Since the General Assembly eliminated tenure for teachers, it sparked a discussion of how and even whether teachers should be evaluated.  Stoops provides a summary and history here:

NC’s first tenure law passed 42 years ago and has been frequently re-visited but not substantially changed until 2013.  Tenure laws forced superintendents to retain poor performing teachers. From a study of veteran teachers: They do not care so much about tenure and do not feel that they need tenure to teach.

And from a 2012 survey, 61% opposed offering tenure to teachers.

 

Stoops explains here why contracts, rather than tenure, work better:

 By granting multi-year contracts, rather than tenure, schools will have a powerful, long-term quality control mechanism that will ensure that our public schools employ the very best teachers.

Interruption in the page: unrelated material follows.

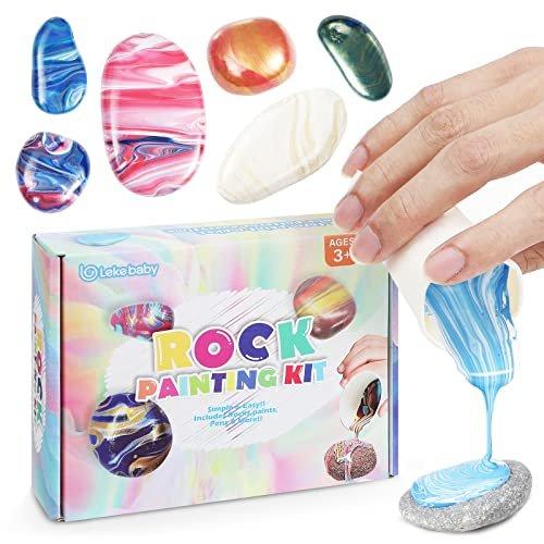 Komplettes Steinmalerei-Set: Das Steinmalerei-Set enthält 4 vorgemischte Acrylfarben (60 ml), 8 glatte Steine in verschiedenen Formen und Größen, 4 Rührstäbchen, 1 Gebrauchsanweisung (englische Sprache nicht garantiert), 2 Einweghandschuhe, 6 Wiederholungsaufkleber, 4 Pappbecher, 4 Papierblöcke, perfekt für Kinder und Anfänger, um erstaunliche und schillernde abstrakte Kunstfelsen zu schaffen. Lustige DIY-Aktivitäten: Sind Sie auf der Suche nach einer lustigen Art, Ihre Kinder zu unterhalten, ohne vor dem Bildschirm zu sitzen? Probieren Sie eine neue Art des Malens aus und beobachten Sie, wie sich die Farbe verwirbelt und vermischt, malen Sie Steine an, während Sie sie über die Felsen schütten, und schaffen Sie so interessante Marmormuster. Außerdem fördert es die Hand-Augen-Koordination und die Feinmotorik der Kinder. * Sichere Kindersteine zum Malen: Lekebaby abwaschbare Farben sind kindersicher, die Pigmente sind nicht wasserfest, sie fallen natürlich im Wasser ab, so dass sie leicht von der Haut und anderen Oberflächen wie Steinen und Tassen mit Wasser abgewaschen werden können. Nachdem der Stein trocken ist (24 Stunden), befeuchten Sie den Aufkleber, um den Stein zu dekorieren.

With elimination of tenure, NC moves closer to what is being done in other states:

North Carolina is one of five states to award career status after a four-year probationary period.  Six states have five-year probationary periods, while two states have annual contracts.  Unfortunately, we are not one of the nine states that tie tenure decisions to evidence of effectiveness,

And a report from WUNC , Evaluating Teachers: Part Art, Part Science and More Important than Ever:

…most teachers not only value the process but find it vital to their professional growth.  If poor evaluations accumulate, principals will use them as a way to encourage bad teachers to leave the profession, a process called “counseling out.”